Annuity Payout Denied

I’m working on an interesting case now involving a nonqualified annuity and the payout thereof.

A woman in her 40’s invested in an annuity contract and named her fiancee as beneficiary.

The woman died only a few years after the contract was issued, and the fiancee goes to collect on the contract.

Of course the insurer asks for a certified copy of the death certificate, and a notarized statement from the claimant/fiancee.

However, the insurer is also asking for a tax waiver from the state of New Jersey. The insurer is protecting themselves in the event New Jersey inheritance taxes are not paid: the insurer would be (or might be) on the hook for inheritance taxes due to New Jersey if the estate of the decedent did not pay.

In this case, the fiancee and the decedent’s family didn’t like each other when the decedent was alive; after her death they are bitter enemies. Since the fiancee was just that: a fiancee, and not a spouse, the decedent’s brother, her closest living relative, is entitled to Letters of Administration for the decedent’s estate. The fiancee has no legal standing.

The Administrator, the decedent’s brother, has basically told the fiancee to ‘get lost,’ and the Administrator is not helping the fiancee in any way whatsoever to obtain the tax waiver.

Without the tax waiver, the insurer is simply not paying out the annuity. Why should they? We’ve tried to have the insurer payout half the annuity, and retain half as a reserve against potential tax liability, so the fiancee can move forward with his life (and pay me), and we have time to figure out how to proceed. The insurer rejected this proposal, so right now we’re weighing all of our options.

Importantly, the sales representative had no idea this was a requirement, and is taking hell from the fiancee. My guess is all insurers have the same policy, and as well all financial institutions would with respect to ‘transfer on death’ or ‘payable on death’ accounts.

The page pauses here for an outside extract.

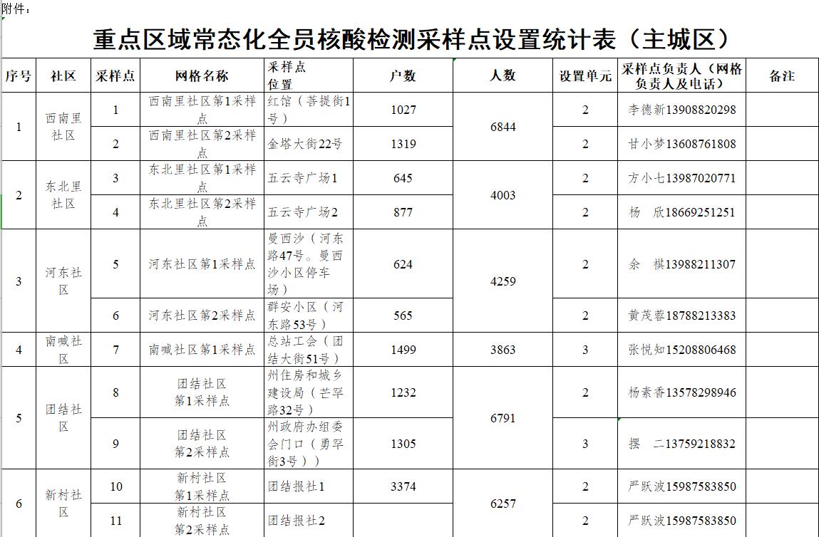 附件:重点区域常态化全员核酸检测采样点设置统计表
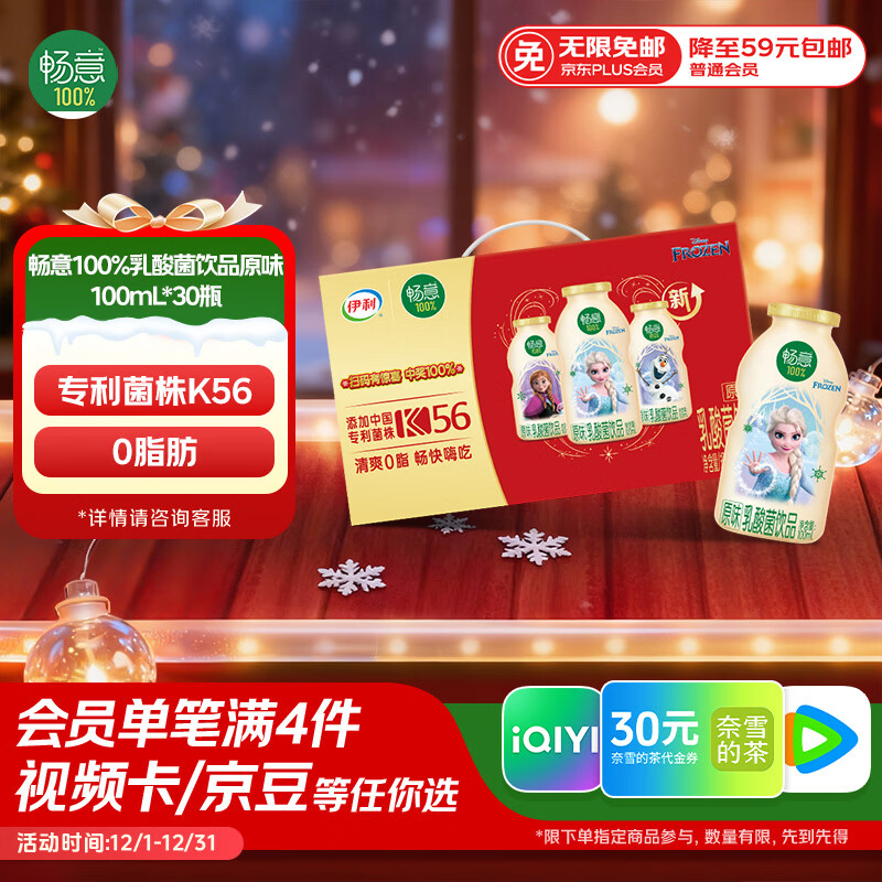伊利畅意如酸菌原味 100ml*30瓶 礼盒装

Further on this issue, more or less, I’ve had situations where the beneficiary of a decedent’s life insurance policy collected the proceeds (no tax waivers are required in New York), and refused to tell the executor how much the death benefit was. This is a problem, since the death benefit must be included on the decedent’s tax return (even though the proceeds are included as gross income). We had a bit of a hard time getting form 712 from the insurer (which is sort of like a 1099, a form which reports information to the IRS) to attach to the estate tax return.

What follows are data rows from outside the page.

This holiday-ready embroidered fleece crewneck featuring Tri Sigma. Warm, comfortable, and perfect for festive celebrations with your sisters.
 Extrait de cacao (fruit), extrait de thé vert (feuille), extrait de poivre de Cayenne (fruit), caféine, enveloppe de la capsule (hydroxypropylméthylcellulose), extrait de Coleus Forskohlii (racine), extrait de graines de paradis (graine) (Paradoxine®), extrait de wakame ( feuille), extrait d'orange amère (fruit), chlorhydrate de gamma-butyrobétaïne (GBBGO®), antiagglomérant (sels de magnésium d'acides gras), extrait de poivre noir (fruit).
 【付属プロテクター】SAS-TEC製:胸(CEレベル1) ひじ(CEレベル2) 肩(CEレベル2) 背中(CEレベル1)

Which led then to the further thought as to the situation where someone owned life insurance on the decedent’s life (which thus must be reported on the estate tax return, form 706), yet the executor was not aware the contract even existed. I’ll bet this situation is more common than we know, because we don’t know what we don’t know.

Eventually, I suppose, the IRS will catch up because the insurer is required to send in the form 712 to the IRS, who will then, theoretically, see if it was reported on the decedent’s estate tax return.